“A agulha do Real nas mãos da fantasia”
A linha e o linho, Gilberto Gil
Como já foi dito, o Psicodrama que fazemos hoje não é o Psicodrama que Moreno fazia. Assim também podemos falar do que convencionamos chamar Teatro Espontâneo. Moreno denominava, e assim intitulou seu livro, Teatro da Espontaneidade. Nós usamos a expressão Teatro Espontâneo. Trata-se da mesma coisa? Estamos falando de mera troca de uma locução adjetiva, da espontaneidade, pelo adjetivo correspondente, espontâneo? Não, penso que não. E é disto que tratarei a seguir. Lendo o livro de Moreno, percebemos que sua intenção primeira era de valorizar e sedimentar o conceito de Espontaneidade. Era o centro de sua atenção, de seu universo particular. Era a sua ferramenta para se contrapor ao conservado, petrificado, tradicional. Ao teatro morto e congelado se contrapunha a experiência espontânea. Era a sua lança diante do moinho de vento do teatro tradicional. Assim DA ESPONTANEIDADE refere-se a um substantivo, a um algo que precisa ser exibido, desenvolvido, cultivado. Todo o esforço da trupe e de Moreno era exibir diante de uma plateia descrente e atônita, um algo novo, revolucionário: a Espontaneidade. Fazendo uma dublagem (duplo) de um possível frequentador, digo: ”Puxa, não é que existe mesmo esta Espontaneidade que Moreno fala? Eu a vi no palco”. Também posso fazer outra dublagem (duplo): “por mais que eles se esforçassem não vi a Espontaneidade apregoada, vi uma bagunça completa". Como poderia ser a dublagem de um ator qualquer da trupe: “Hoje a Espontaneidade estava no palco, vi no rosto das pessoas sua surpresa". Ou então: “Tentamos de tudo, mas não deu". E Moreno, qual seria seu duplo? “Eu sabia que era possível mostrar do que a Espontaneidade é capaz!”

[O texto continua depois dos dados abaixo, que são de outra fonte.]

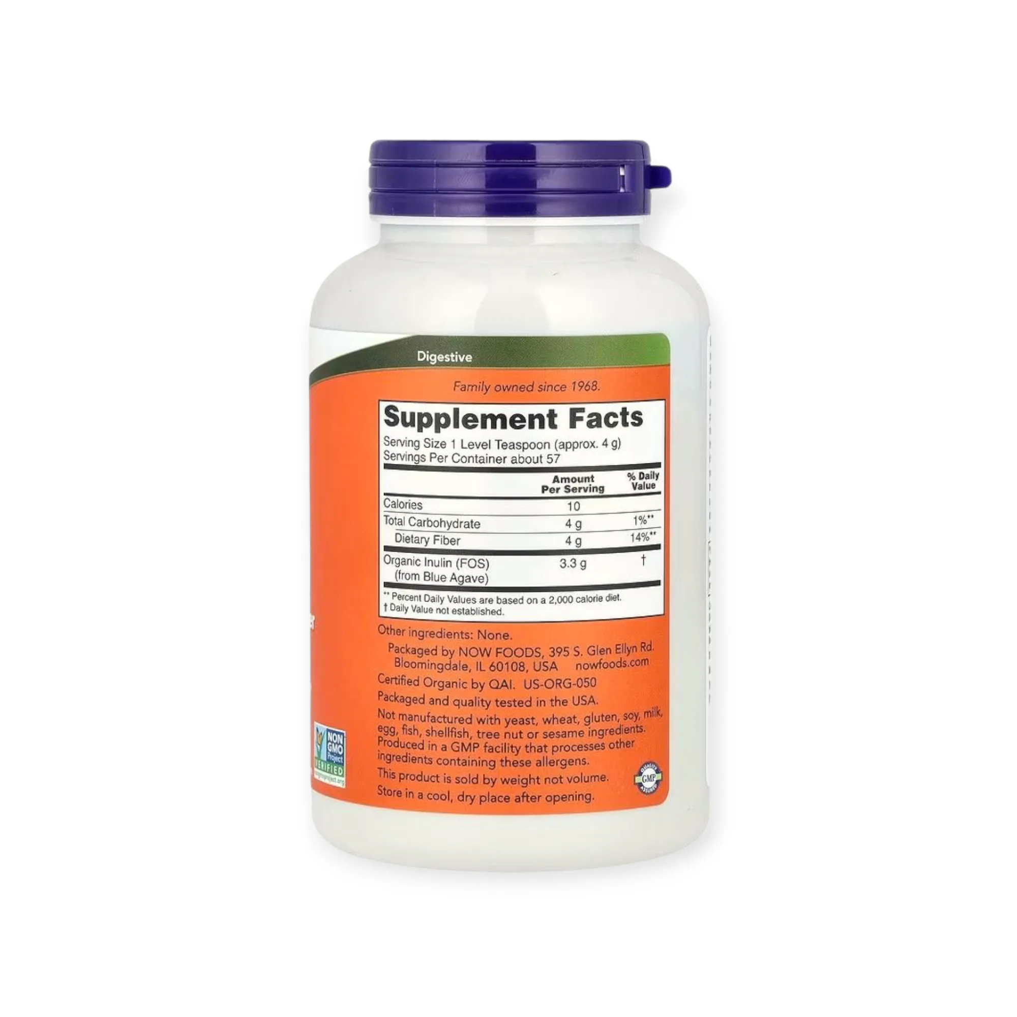 NOW Foods Certified Organic Inulin Prebiotic Pure Powder 8 oz (227 g)
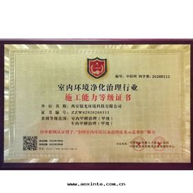 室(shì)內(nèi)(車內(nèi))环(huán)境淨化(huà)治理(lǐ)服務(wù)施工能(néng)力甲級證書(shū)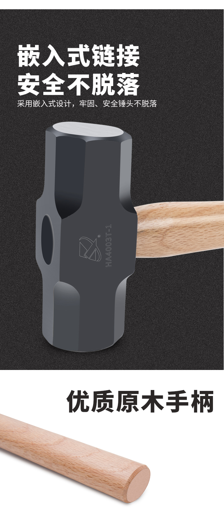 商品名称:卡夫威尔 青冈木手柄八角锤子大铁锤铁匠锤砸墙铁榔头900G HA4001T-1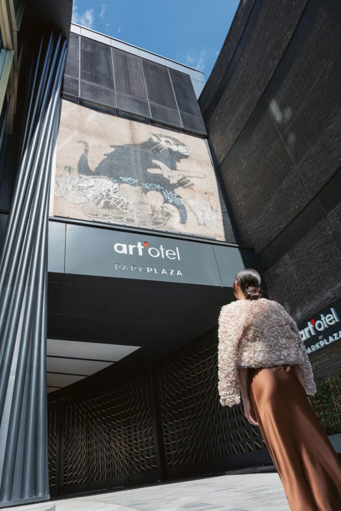 Knife‑and‑Fork Rat & TV Out of the Window, art’otel London Hoxton. Two classic early-2000s Banksy stencils from The Foundry days, once hidden for years, now live above the hotel entrance and are viewable from the street.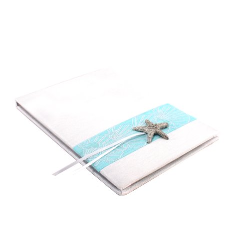 A band of embroidered seashells with starfish detail on a beautiful water blue linen look fabric, framed with a white linen look satin make this Guest book truly stunning. Top it off with a silver starfish and you have a breath taking addition to your wedding. There are approximately 25 pages which accommodate 430 names. The pages are lined with two columns for guest name and special thoughtsMaterialsFaux Thai Silk/100-percent polyester.

Ou: “Vou ter que inventar mais um jeito para esfregar na cara das pessoas que isto existe!”. Como toda dublagem, ela poderia ou não ser validada pelas pessoas, mas, para efeito de discussão consideremos que houve esta validação. A Espontaneidade era a atriz principal de seu Teatro. Todos os olhos voltados, benévola ou malevolamente, para ela. O Teatro da Espontaneidade existia e existiu, para justificar uma ideia de Moreno. Foi necessário, foi imprescindível. No contexto da época, estimular a existência da Espontaneidade era navegar contra uma corrente que via a liberdade e espontaneidade como geradoras de caos, de caos destrutivo. A década de 20 do século XX ainda era século XIX: sua estética, sua ética, sua moral era de um século XIX estendido. Moreno e Freud, trouxeram, a seu tempo, dois demônios a serem exorcizados, o sexo e a espontaneidade.

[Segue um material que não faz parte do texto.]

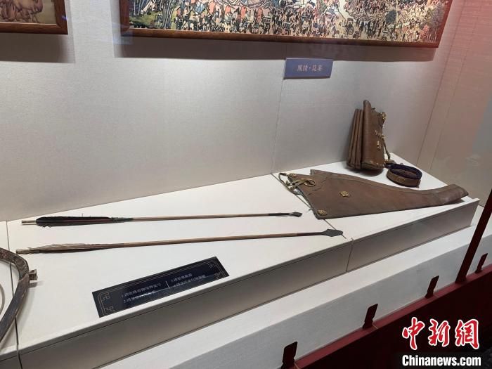 本次展覽將皇帝東巡期間所做的四項主要活動內(nèi)容向觀眾做以介紹,它們是“習武展雄風”“暢飲一家親”“祭陵敬先祖”“百禮在皇宮”。其中,“習武展雄風”這部分展出了“清皇帝行圍鈚箭”“清嘉慶帝行圍櫜鞬”“清弘歷御用樺皮弓”“清射鹿鈚箭”等文物。據(jù)介紹,清帝東巡出山海關(guān)到東北地區(qū),所經(jīng)路途山林茂密,大型猛獸居多,正是實地演練的最佳時機。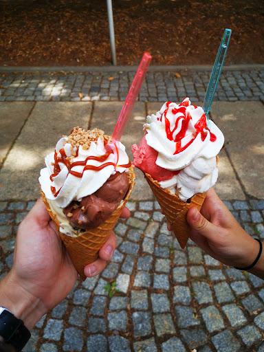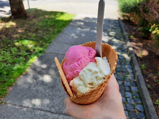 Sehr gute Anlaufstelle, wenn man Lust hat sich ein leckeres Eis zu zapfen. Die Auswahl an verschiedenen Sorten ist dabei nicht exorbitant groß, jedoch gibt es neben den klassischen Sorten auch immer mal wieder verschiedene und leckere neue Sorten, die teilweise auch mal etwas ausgefallener sein können. Eine Kugel Eis kostet momentan 1,10€, ist aber auch dementsprechend sehr voluminös und qualitativ hochwertig. An warmen Tagen sollte man etwas Zeit und Geduld mitbringen, denn dann kann es schonmal zu leichter Schlangenbildung vor der Eisdiele kommen. Die Mitarbeiter arbeiten jedoch alle sehr zügig und trotzdem super freundlich. Aufgrund der aktuellen Corona-Situation gibt es das Eis momentan nur im Becher...
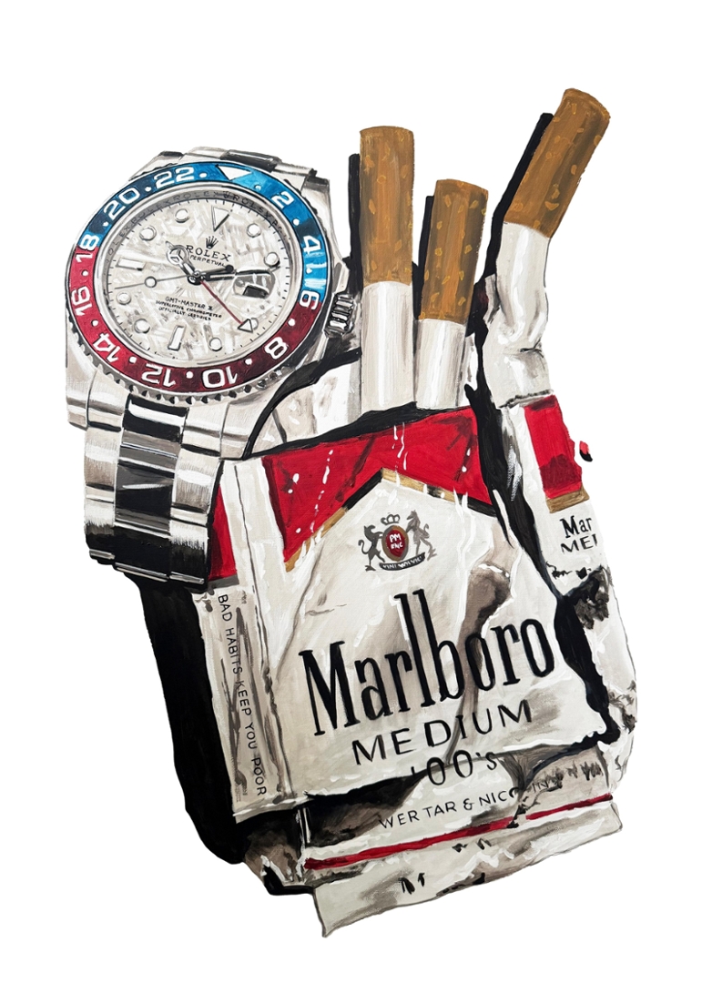 A bold and contemporary original painting by Liam Jacobi, featuring a striking Rolex GMT-Master II set against a vividly rendered pack of Marlboro cigarettes. The composition merges luxury horology with raw, everyday iconography, creating a powerful visual contrast that immediately commands attention. The watch is executed with sharp precision, showcasing its distinctive red and blue bezel, detailed dial, and steel bracelet against the worn textures of the packaging.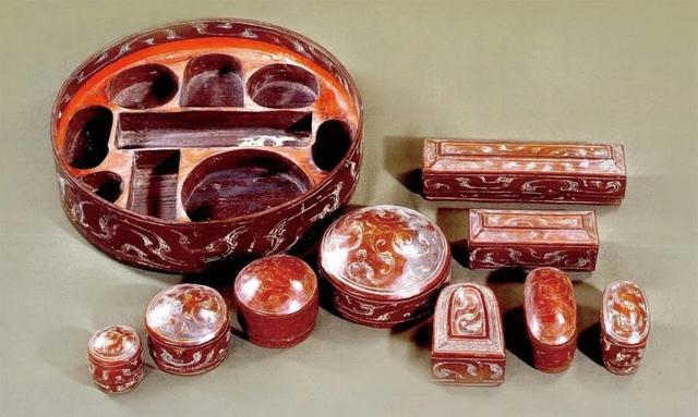 其中螺钿镶嵌的铜镜旁,放着装有铅粉与朱砂的瓷盒,盒底残留物经检测含大量珍珠粉。

Mas, tempos fugit. O tempo passa. Ao longo do tempo, o substantivo Espontaneidade foi sendo substituída por um adjetivo, uma qualificação. Gradualmente, já não se perseguia a espontaneidade como um fim e sim um agir espontâneo, um criar espontâneo, um viver espontâneo. Uma CREAÇÃO. Em que o objetivo está no processo, no status nascendi.
O Teatro Espontâneo é a criação em status nascendi. Seu objetivo, sua meta, sua realização é o próprio fazer, o construir. “mais importante do que a evolução da criação é a evolução do criador”. O ritmo, a estética são balizadores do fazer harmônico daquele grupo. No Teatro Espontâneo matricial, em que do próprio grupo emergem as histórias, o protagonista, os egos auxiliares, cada grupo ou cada agrupamento tornado grupo pelo aquecimento, tem caminhos diferentes, constrói-se diferente e tem o seu fim possível. Cada grupo obtém o que ele pode obter daquele e naquele MOMENTO (Kairós). A dublagem (duplo) possível de um membro do grupo: “Gostei de sentir que podemos fazer coisas juntos, a partir do nada”. Ou então: “Achei uma história boba, parecendo grupo amador”. O condutor do grupo: “Tinha instantes que não sabia o que fazer ou por onde ir, mas sempre confio no grupo e aonde ele me leva”. Embora trabalhoso, arriscado, demandando uma direção cuidadosa, o TE no formato matricial, sem trupe específica, possibilita ao grupo não só contar e ouvir histórias, mas, e principalmente, fazendo-se de ator e dramaturgo, construir um algo evanescente, produção possível do grupo, fotografia daquele instante vivencial, atravessado pelo social e pelo histórico, que dura o que o grupo durar, mas permanece como experiência indelével. A meta é o caminho.